En fait, par étapes, l'Empereur avait partiellement perdu l'initiative dans le domaine économique. Le traité de 1860 fut peut-être le dernier acte de volontarisme en la matière, et encore n'entraîna-t-il qu'une partie des acteurs. Les compagnies de chemin de fer avaient perdu leur rôle d'impulsion. Les grands commis de l'État, les ingénieurs, des orléanistes reconvertis comme Achille Fould, ne pensaient plus désormais qu'à stabiliser la situation. On vit revenir aux affaires un milieu traditionnel, moins entreprenant. La Banque de France fit barrage au Crédit Mobilier, Rothschild l'emporta sur les Pereire[3]. Le recours aux emprunts devint de plus en plus difficile, et les jongleries d'Haussmann pour masquer le coût des travaux de Paris unifièrent les oppositions.
La France des bourgs protesta contre les grandes dépenses parisiennes et demanda des efforts en faveur des routes et des chemins. Le Corps législatif, ennemi de la dépense, fit savoir au pouvoir impérial qu'il convenait de rentrer dans les règles administratives usuelles. Loin de rassurer, l'Empereur inquiétait. A partir de 1867, alors que la guerre du Mexique était juste terminée, Napoléon III faisait craindre l'aventure d'un conflit en Europe. Le héros providentiel était devenu un personnage encombrant.
Peut-on, dans ces conditions, parler de miracle économique du second Empire ? L'idée ne semble pas incongrue si l'on valorise ce mouvement étonnant qui a permis en quelques années, alors qu'on avait atermoyé si longtemps, de construire l'infrastructure ferroviaire d'un marché français enfin unifié, et cela grâce à de nouvelles pratiques financières, qui permirent à l'État de dépenser moins que les régimes antérieurs. Miracle encore quand l'on considère qu'une nation dont la production de fonte ne représentait que 20% de celle de l'Angleterre ne fut pas écrasée par le traité de libre-échange de 1860.
L'euphorie fut toutefois de courte durée et l'économie impériale ne parvint pas à faire souche, pas plus que la famille des Bonaparte. Le "bond en avant" de la modernisation eut bien lieu. Il ne fut toutefois ni assez profond, ni assez cohérent pour éviter le lent déclassement de la puissance économique française à la fin du XIXème siècle.
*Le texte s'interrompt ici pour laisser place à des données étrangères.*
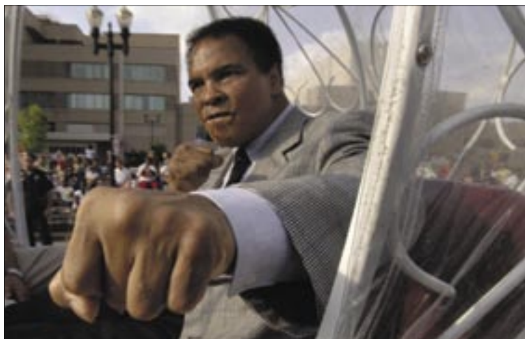
Parade Grand Marshal Muhammad Ali shadowboxed with the crowd.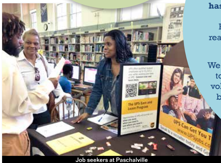
Job seekers at Paschalville

We doubled the number of classes for adult learners to eight in the community and trained seven new volunteers to tutor them. Thanks to this tremendous boost in service capacity in the community, 66% of assessed adult learners have gone on to enroll in a course in the community or online.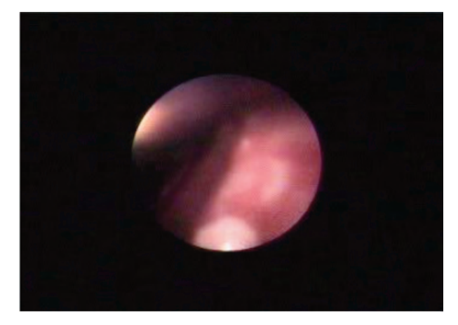
Figure 3. Mucosal erythema, granularity and edema of colon seen by the enteroendoscopy.

Article de Francis Démier, professeur à l'université de Paris-X-Nanterre et à l'Institut d'études politiques de Paris paru dans le numéro 211 de la revue L'Histoire.

A lire :

J. Wolff, Napoléon III face à la crise économique de 1857-1858 dans la Revue du Souvenir Napoléonien, 1997.

Notes

[1] En 1857, des quarante-deux sociétés exploitant des lignes de chemins de fer qui existaient au moment où Louis Napoléon arriva au pouvoir, il ne restait que six grandes compagnies (Nord, Orléans, Midi, Est, Ouest, PLM), régnant chacune sur une région. L'État leur accorda des baux d'exploitation de quatre-vingt-dix-neuf ans, ce qui facilitait l'amortissement des investissements et rendait les entreprises ferroviaires plus rentables.

[2] L'enrichissement de la France du second Empire peut se mesurer de multiples façons. Le nombre des livrets de caisses d'épargne est passé de 742 840 à 2 079 140. La circulation fiduciaire, de 250 millions de francs, a atteint 1,354 milliard de francs. Les réserves de la Banque de France ont crû de 123 millions à 1,190 milliard.

[3] Toujours à court d'argent, n'ayant pas obtenu l'autorisation d'augmenter son capital, le Crédit Mobilier subit une grave crise en 1866-1867. La Banque de France n'accepta de sauver l'établissement qu'après avoir obtenu la démission des Pereire.